Except as otherwise provided in Section 7.2 of these Bylaws, only
such shareholders as shall be shareholders of record on the date
so fixed shall be entitled to notice of, and to vote at, such
meeting or to receive payment of such dividend or distribution or
to receive such allotment of rights or to exercise such rights, as
the case may be, notwithstanding any transfer of any securities on
the books of the Corporation after any record date so fixed.  When
a determination of shareholders of record has been made as
provided in this Section 7.1 for purposes of a meeting, the
determination shall apply to any adjournment of such meeting
unless the Board fixes a new record date for the adjourned
meeting.

          Section 7.2.   Certification of Nominee.  The Board may
                         ------------------------
adopt a procedure whereby a shareholder may certify in writing to
the Secretary of the Corporation that all or a portion of the
shares registered in the name of the shareholder are held for the
account of a specified person or persons.  The Board, in adopting
such procedure, may specify (i) the classification of shareholder
who may certify, (ii) the purpose or purposes for which the
certification may be made, (iii) the form of certification and the
information to be contained therein, (iv) as to certifications
with respect to a record date, the date after the record date by
which the certification must be received by the Secretary of the
Corporation, and (v) such other provisions with respect to the
procedure as the Board deems necessary or desirable.  Upon receipt

                                 16




by the Secretary of the Corporation of a certification complying
with the procedure, the persons specified in the certification
shall be deemed, for the purpose or purposes set forth in the
certification, to be the holders of record of the number of shares
specified instead of the person making the certification.

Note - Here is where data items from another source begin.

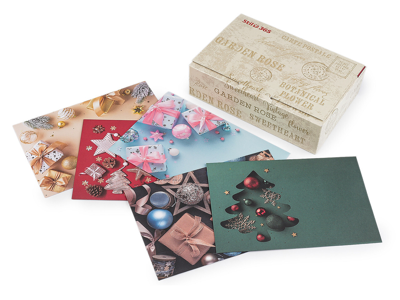 V originálním balení v krabičce najdete 5 motivů po 20 ks - celkem je tam tedy 100 ks obálek.
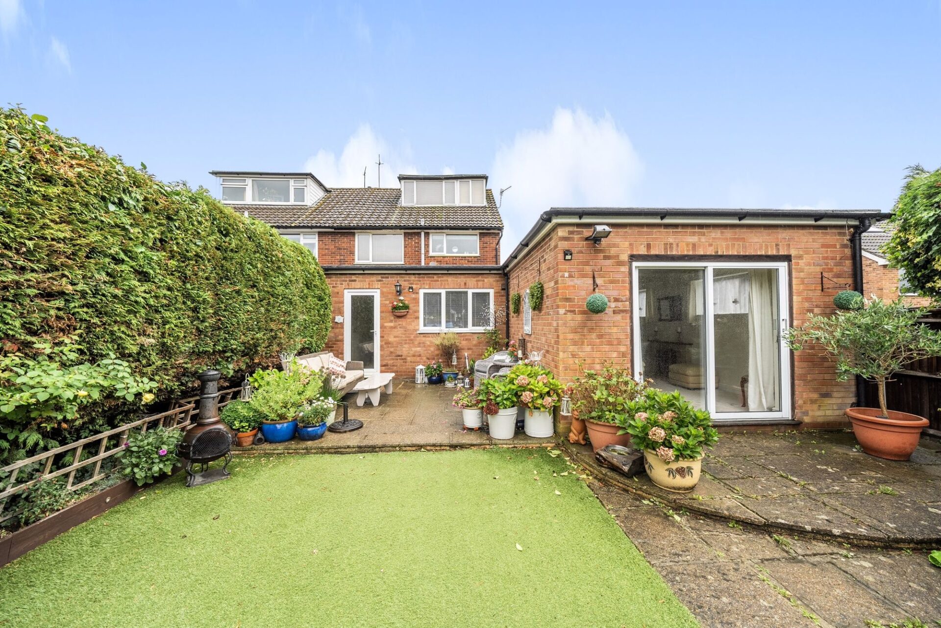 Externally the rear garden has been landscaped for low maintenance and artificial lawn, generous patio areas, and mature hedges screening. To the front, the property benefits from a spacious driveway with parking for multiple vehicles..
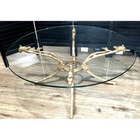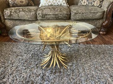 suebeevintagerentals.com › home › coffee & other small tables › gold & glass oval coffee table
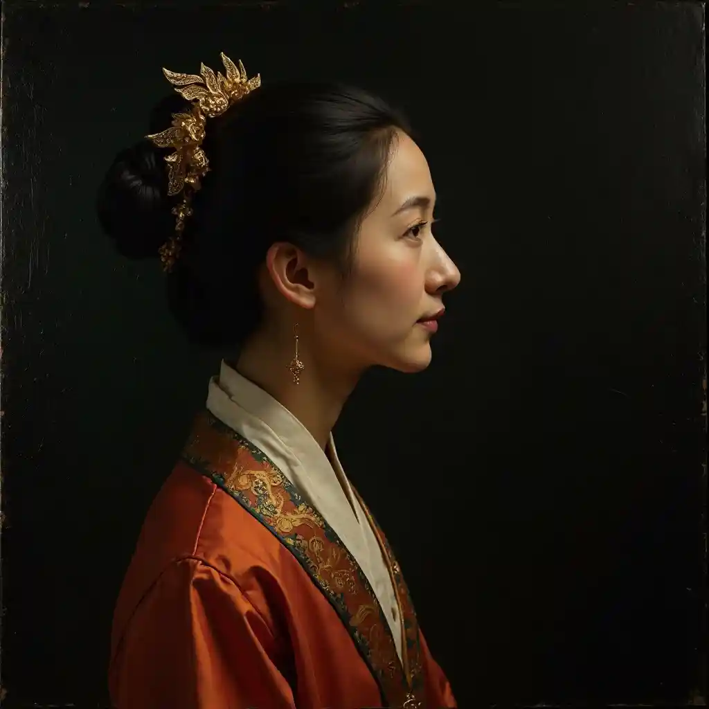 ผู้หญิงจีนที่สวมเสื้อผ้าจีนประจําศตวรรษที่ 18 มองไปทางขวาในรูปแบบ และคุณเห็นแค่ด้านหนึ่งของใบหน้าของเธอ มันกลางคืนแล้ว หลังเป็นสีดํามาก มันอยู่ในสไตล์ของภาพวาดของเรมบรนท์
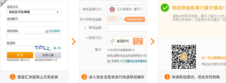 匯添富業內首推T+0快速取現,讓您從此告別貨幣基金贖回1-2天到賬。
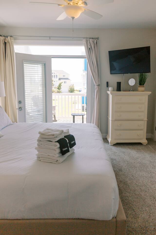 KEY FEATURES: ☀ Beach Retreat: Experience unparalleled beachfront living with stunning views of the majestic Atlantic Ocean from multiple private decks, perfect for relaxation and enjoyment. ☀ Family-Friendly Accommodations: This spacious home caters to families and couples alike, featuring a luxurious King Suite on the first floor, three bedrooms on the second floor, and ample communal space on the top floor for gatherings. ☀ Sleeps 8; 4 bedrooms 3.5 bathroom, 2 king, 2 queen ☀ Fully Stocked Kitchen: Enjoy the convenience of a fully equipped kitchen, complete with pots, pans, utensils, and everything you need for cooking and dining with ease. ☀ Comfortable Living Areas: Relax in the cozy living room, featuring multiple seating areas, a large Smart TV, and plenty of space for bonding and entertainment. ☀ Beach Gear Provided: Make the most of your beach adventures with our complimentary starter kit, including beach chairs, a cooler, and beach toys for hours of seaside fun. ☀ Outdoor Grill: Host unforgettable BBQ gatherings with our charcoal grill and utensils provided, perfect for enjoying delicious meals al fresco on the deck. (Please bring your own charcoal.) Here Are A Few Kind Words From Our Past Guests: "This was a perfect house. Great location. Walking distance to beach. Fully stocked with so many extras from toiletries, family games, to the cleaning supplies. The beds were so comfortable. Clean. And when we needed to communicate with host, he was readily available for us every time. The pictures in listing is exactly what you get. Recommend reservations, at “Amos Mosquito” right down the street for a meal. And the restaurant, “Southern Salt” was another favorite we discovered . Wonderful stay. Would recommend." - Julie "The house was just as described! Very well-stocked, clean, great location! Michael was a great communicator. And we literally had no issues! I will definitely stay there again on my next trip to Atlantic Beach! Beautiful, clean, perfect for our family gathering!" - Anna "Our stay at this beach house was fantastic! We loved the location, furnishings, and amenities. The house was stocked with everything we needed, from beach toys and chairs to a high chair, bug spray, kitchen essentials and everything in between. Michael was wonderful at communicating with us, as well!" - Brittany "Our family loves Atlantic Beach. We had been here before and wanted to bring more family down to share the wonderful experience. We needed a house big enough and comfortable for 10 people. The location was perfect. The beds were cozy. Porches for all to enjoy with great views. Well stocked for our needs. And Michael was sure to check in with us to make sure everything was to our expectation. Great find!" - Jennifer ☆☆ BEDROOMS & BATHROOMS☆☆ Master Suite (1): Retreat to the opulent master suite, featuring a king-sized bed, breathtaking ocean views, and an en-suite bathroom with a luxurious bathtub and walk-in shower. Guest Bedrooms (3): Three additional bedrooms offer comfortable accommodations for your guests. Two King Bedrooms and One Queen Bedroom. Each bedroom boasts its own unique charm and stunning views of the surrounding landscape. Bathrooms (3.5): With 3.5 elegantly appointed bathrooms throughout the villa, you'll enjoy the utmost convenience and privacy during your stay. Immerse yourself in a spa-like experience with sleek fixtures, soft lighting, and luxurious amenities that will pamper your senses and soothe your soul. ☆☆ KITCHEN & LOUNGE ☆☆ The heart of the home, our fully equipped kitchen invites you to channel your inner chef and create culinary masterpieces with ease. Adorned with modern appliances, ample counter space, and sleek cabinetry, this gourmet kitchen is a culinary enthusiast's dream. Whether you're whipping up a hearty breakfast to fuel your adventures or preparing a gourmet feast to impress your guests, you'll find everything you need to satisfy your culinary cravings. Need groceries? No worries! A quick trip to the local market will provide you with fresh ingredients to elevate your creations. After a day of exploring the sandy shores and soaking up the sun, unwind in our stylish lounge area. Sink into plush sofas as you admire the mesmerizing views of the shimmering sea through expansive windows. Feel the gentle sea breeze dance through the room, creating a tranquil atmosphere that soothes the soul. Curl up with a good book from our selection or gather with loved ones for a movie night on the sleek flat-screen TV. With ample seating and tasteful decor, our lounge is the perfect spot to relax and reconnect with family and friends. ☆☆ OUTSIDE SPACE ☆☆ Step outside and immerse yourself in the beauty of coastal living. Our expansive outdoor space offers a private oasis where you can soak up the sun, breathe in the salty sea air, and marvel at the endless expanse of ocean stretching out before you. Lounge on comfortable patio furniture as you sip cocktails and watch the waves roll in, or gather around the fire pit for cozy evenings under the stars. With direct access to the beach just steps away, you can enjoy leisurely strolls along the shore or take a refreshing dip in the sparkling waters whenever the mood strikes. For your convenience, AB Sea View offers ample parking space for multiple vehicles, ensuring that you can easily come and go as you please during your stay. Whether you're driving your own car or renting a vehicle to explore the surrounding area, you'll never have to worry about finding a place to park. ★☆ Book Today & Let Us Take Care Of You In Atlantic Beach! ☆★

                           ARTICLE VIII
                      REGISTERED SHAREHOLDERS

          Section 8.1.   Registered Shareholders.  Before due
                         -----------------------
presentment for transfer of any security, the Corporation shall
treat the registered owner thereof as the person exclusively
entitled to vote, to receive notifications and otherwise to
exercise all the rights and powers of an owner, and shall not be
bound to recognize any equitable or other claim or interest in
such securities, whether or not it shall have express or other
notice thereof, except as otherwise provided by the laws of the
Commonwealth of Pennsylvania or Section 7.2 of these Bylaws.

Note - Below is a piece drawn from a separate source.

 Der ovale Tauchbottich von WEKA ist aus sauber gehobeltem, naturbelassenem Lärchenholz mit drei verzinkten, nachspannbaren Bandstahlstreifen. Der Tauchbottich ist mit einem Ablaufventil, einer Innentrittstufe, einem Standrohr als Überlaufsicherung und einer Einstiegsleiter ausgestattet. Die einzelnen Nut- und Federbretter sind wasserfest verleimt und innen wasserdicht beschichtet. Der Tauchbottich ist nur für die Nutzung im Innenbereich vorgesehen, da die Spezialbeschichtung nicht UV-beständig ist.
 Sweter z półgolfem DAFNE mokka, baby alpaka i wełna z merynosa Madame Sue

                            ARTICLE IX
                         LOST CERTIFICATES

          Section 9.1.   Lost Certificates.  If the owner of a
                         -----------------
share certificate claims that it has been lost, destroyed, or
wrongfully taken, the Corporation shall issue a new certificate in
place of the original certificate if the owner so requests before
the Corporation has notice that the certificate has been acquired
by a bona fide purchaser, and if the owner has filed with the
Corporation an indemnity bond and an affidavit of the facts
satisfactory to the Board or its designated agent, and has
complied with such other reasonable requirements, if any, as the
Board may deem appropriate.


                             ARTICLE X
                           DISTRIBUTIONS

          Section 10.1.  Payment.  Distributions upon the capital
                         -------
stock of the Corporation, whether by dividend, purchase or
redemption or other acquisition of its shares, together with stock
dividends and stock splits, may be declared by the Board at any
regular or special meeting of the Board, subject to the
limitations set forth in Section 1551 of the 1988 BCL and may be
paid in cash, in property, or in securities, including debt
securities, of the Corporation except that stock dividends and
stock splits may be paid only in the shares of the Corporation.

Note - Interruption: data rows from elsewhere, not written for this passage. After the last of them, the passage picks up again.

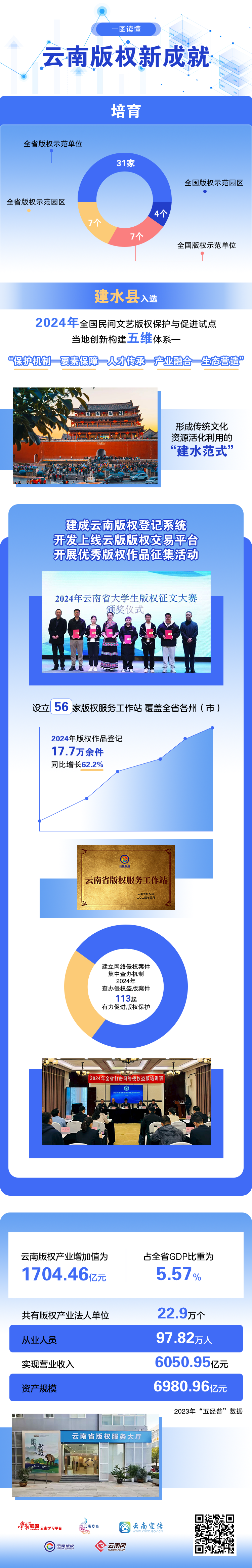 在版权政策和服务体系的保护下,云南文化产业迸发活力,非遗、文创、影视、音乐、出版物、数字产品等领域的版权成果丰硕,历史文化、民族文化、革命文化、自然文化在版权的赋能下,焕发新的活力,展现新的价值,迎来新的时代机遇。
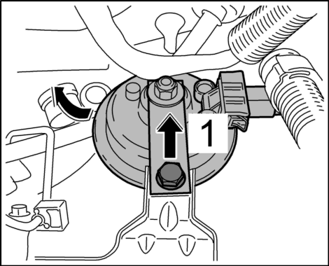 1. Выкрутить крепежный винт -стрелка 1- , извлечь звуковой сигнал в сторону и вверх -стрелка- .
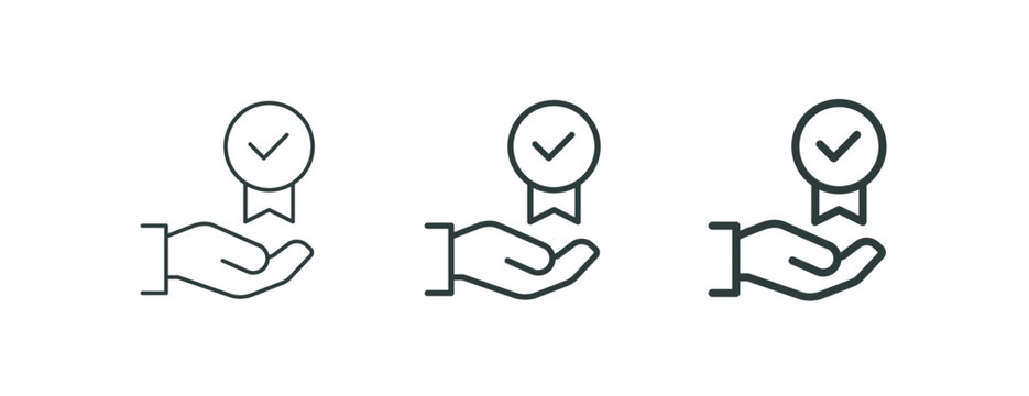 Quality guarantee, certification trust, approval minimal outline icon. Line sign hand holding award badge with check mark. Vector isolated pictograms for web app on white background editable stroke.
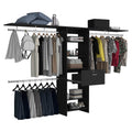 Plego 70"W 118"W Drawers Closet System, One Drawer,Three Hanging Rods, Five Shelves Black Black Particle Board Particle Board

                                 17



          Section 10.2.  Reserves.  Before the making of any
                         --------
distributions with respect to the capital stock of the
Corporation, there may be set aside out of any funds of the
Corporation available for distributions such sum or sums as the
Board from time to time, in its absolute discretion, deems proper
as a reserve fund to meet contingencies, or for equalizing
dividends, or for repairing or maintaining any property of the
Corporation, or for such other purpose as the Board shall deem
conducive to the interests of the Corporation, and the Board may
abolish any such reserve in the manner in which it was created.


                            ARTICLE XI
           MISCELLANEOUS; LIABILITY AND INDEMNIFICATION

          Section 11.1.  Checks and Notes.  All checks or demands
                         ----------------
for money and notes of the Corporation shall be signed by such
officer or officers as the Board may from time to time designate.

          Section 11.2.  Fiscal Year.  The fiscal year of the
                         -----------
Corporation shall be as determined by the Board.

          Section 11.3.  Seal.  The corporate seal shall have
                         ----
inscribed thereon the name of the Corporation, the year of its
organization and the words "Corporate Seal, Pennsylvania."  Such
seal may be used by causing it or a facsimile thereof to be
impressed or affixed or in any manner reproduced.  The affixation
of the corporate seal shall not be necessary to the valid
execution, assignment or endorsement of any instrument or other
document by the Corporation.

          Section 11.4.  Waiver of Notice.  Whenever any notice is
                         ----------------
required to be given by statute or by the Articles or by these
Bylaws, a waiver thereof in writing, signed by the person or
persons entitled to such notice, whether before or after the time
stated therein, shall be deemed the equivalent of the giving of
such notice.  The business to be transacted at the meeting shall
be specified in the waiver of notice of such meeting.  Attendance
of any person entitled to notice, either in person or by proxy, at
any meeting shall constitute a waiver of notice of such meeting,
except where any person attends a meeting for the express purpose
of objecting, at the beginning of the meeting, to the transaction
of any business because the meeting was not lawfully called or
convened.

          Section 11.5.  Continuing Applicability.  The provisions
                         ------------------------
of Sections 11.6, 11.7 and 11.8 of these Bylaws shall continue as
to any person who has ceased to be a director, officer, other

                                 18



employee or agent of the Corporation and shall inure to the
benefit of the heirs and personal representatives of such person.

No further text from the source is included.